* [Input data]
---
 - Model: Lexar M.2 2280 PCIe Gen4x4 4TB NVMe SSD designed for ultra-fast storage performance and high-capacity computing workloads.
---
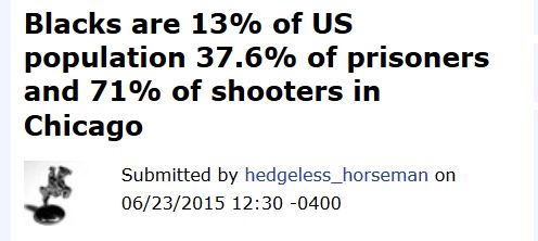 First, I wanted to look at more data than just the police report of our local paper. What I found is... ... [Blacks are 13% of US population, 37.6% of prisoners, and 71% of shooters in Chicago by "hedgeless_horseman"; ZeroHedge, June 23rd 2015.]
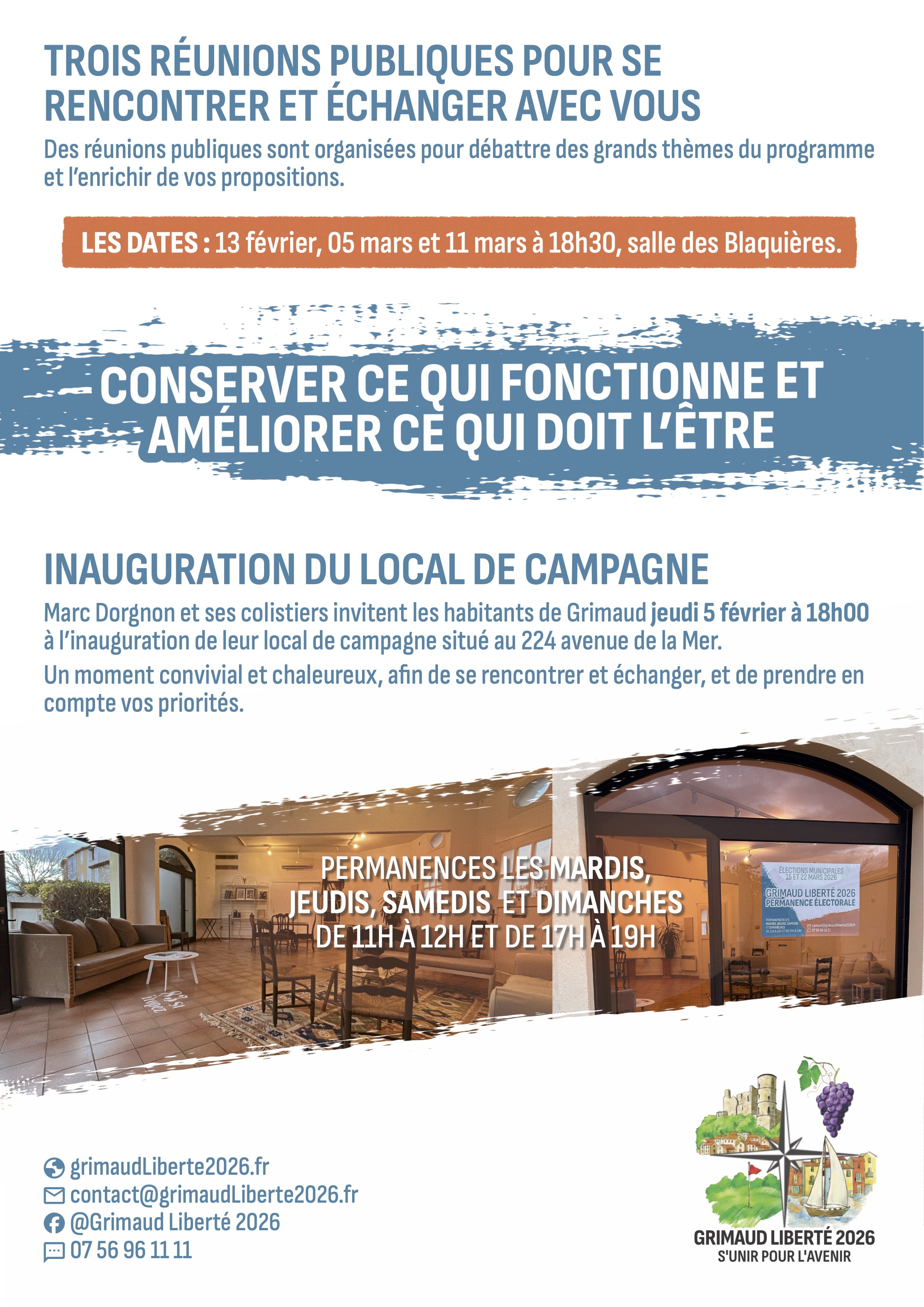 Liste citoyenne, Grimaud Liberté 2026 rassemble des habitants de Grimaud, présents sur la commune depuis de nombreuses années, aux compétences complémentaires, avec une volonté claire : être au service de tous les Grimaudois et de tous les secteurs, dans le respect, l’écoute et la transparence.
---
Repeat only the stretch of data above that runs from the line with "First, I wanted" to the line with "Liste citoyenne, Grimaud". Keep both end lines; exclude pictures.

 First, I wanted to look at more data than just the police report of our local paper. What I found is... ... [Blacks are 13% of US population, 37.6% of prisoners, and 71% of shooters in Chicago by "hedgeless_horseman"; ZeroHedge, June 23rd 2015.]
 Liste citoyenne, Grimaud Liberté 2026 rassemble des habitants de Grimaud, présents sur la commune depuis de nombreuses années, aux compétences complémentaires, avec une volonté claire : être au service de tous les Grimaudois et de tous les secteurs, dans le respect, l’écoute et la transparence.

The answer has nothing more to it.